TASK GOAL >> This calls for a word-for-word copy of all the data, with each picture removed.

EXERCISE DATA >>
↓↓↓

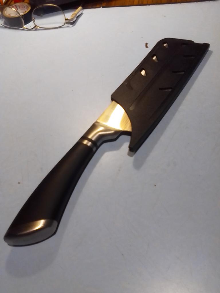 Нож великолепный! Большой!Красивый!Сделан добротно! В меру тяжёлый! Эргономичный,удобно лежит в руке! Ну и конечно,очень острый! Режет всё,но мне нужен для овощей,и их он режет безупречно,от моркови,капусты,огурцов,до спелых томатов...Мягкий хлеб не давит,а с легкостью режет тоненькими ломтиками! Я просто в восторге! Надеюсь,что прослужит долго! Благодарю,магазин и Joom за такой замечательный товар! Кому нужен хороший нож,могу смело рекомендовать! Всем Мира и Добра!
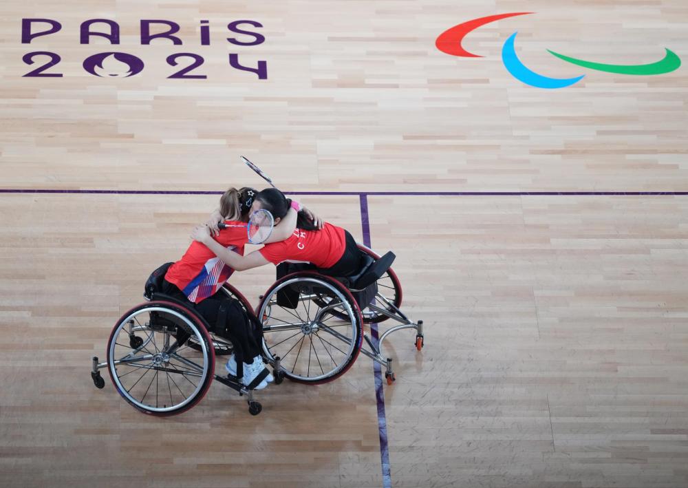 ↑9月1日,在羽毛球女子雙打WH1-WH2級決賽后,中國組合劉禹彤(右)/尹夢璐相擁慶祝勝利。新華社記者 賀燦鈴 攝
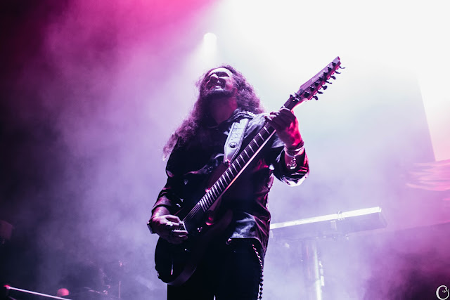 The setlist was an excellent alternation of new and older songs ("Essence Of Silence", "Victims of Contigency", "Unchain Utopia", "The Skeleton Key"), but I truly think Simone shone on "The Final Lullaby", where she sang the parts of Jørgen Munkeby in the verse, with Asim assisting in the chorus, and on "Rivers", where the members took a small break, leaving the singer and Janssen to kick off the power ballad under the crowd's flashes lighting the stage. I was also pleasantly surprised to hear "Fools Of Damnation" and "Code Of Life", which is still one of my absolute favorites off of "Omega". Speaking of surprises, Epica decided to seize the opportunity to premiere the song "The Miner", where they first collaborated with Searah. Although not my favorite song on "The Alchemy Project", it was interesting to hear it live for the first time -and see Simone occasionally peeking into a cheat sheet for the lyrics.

↑↑↑

WORKED SOLUTION >>
 Нож великолепный! Большой!Красивый!Сделан добротно! В меру тяжёлый! Эргономичный,удобно лежит в руке! Ну и конечно,очень острый! Режет всё,но мне нужен для овощей,и их он режет безупречно,от моркови,капусты,огурцов,до спелых томатов...Мягкий хлеб не давит,а с легкостью режет тоненькими ломтиками! Я просто в восторге! Надеюсь,что прослужит долго! Благодарю,магазин и Joom за такой замечательный товар! Кому нужен хороший нож,могу смело рекомендовать! Всем Мира и Добра!
 ↑9月1日,在羽毛球女子雙打WH1-WH2級決賽后,中國組合劉禹彤(右)/尹夢璐相擁慶祝勝利。新華社記者 賀燦鈴 攝
 The setlist was an excellent alternation of new and older songs ("Essence Of Silence", "Victims of Contigency", "Unchain Utopia", "The Skeleton Key"), but I truly think Simone shone on "The Final Lullaby", where she sang the parts of Jørgen Munkeby in the verse, with Asim assisting in the chorus, and on "Rivers", where the members took a small break, leaving the singer and Janssen to kick off the power ballad under the crowd's flashes lighting the stage. I was also pleasantly surprised to hear "Fools Of Damnation" and "Code Of Life", which is still one of my absolute favorites off of "Omega". Speaking of surprises, Epica decided to seize the opportunity to premiere the song "The Miner", where they first collaborated with Searah. Although not my favorite song on "The Alchemy Project", it was interesting to hear it live for the first time -and see Simone occasionally peeking into a cheat sheet for the lyrics.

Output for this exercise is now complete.